# Records for the task
+ + + +
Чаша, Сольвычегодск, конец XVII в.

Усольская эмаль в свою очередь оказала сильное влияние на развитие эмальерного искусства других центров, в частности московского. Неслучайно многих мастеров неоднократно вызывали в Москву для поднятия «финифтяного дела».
+ + + +
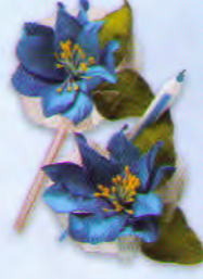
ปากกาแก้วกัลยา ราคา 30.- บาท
+ + + +
# Work instruction
Print again the lines of the entries above that fall between the line holding "Чаша, Сольвычегодск, конец XVII в." and the line holding "Усольская эмаль в", inclusive, exactly as they stand.

# Finished exercise
Чаша, Сольвычегодск, конец XVII в.

Усольская эмаль в свою очередь оказала сильное влияние на развитие эмальерного искусства других центров, в частности московского. Неслучайно многих мастеров неоднократно вызывали в Москву для поднятия «финифтяного дела».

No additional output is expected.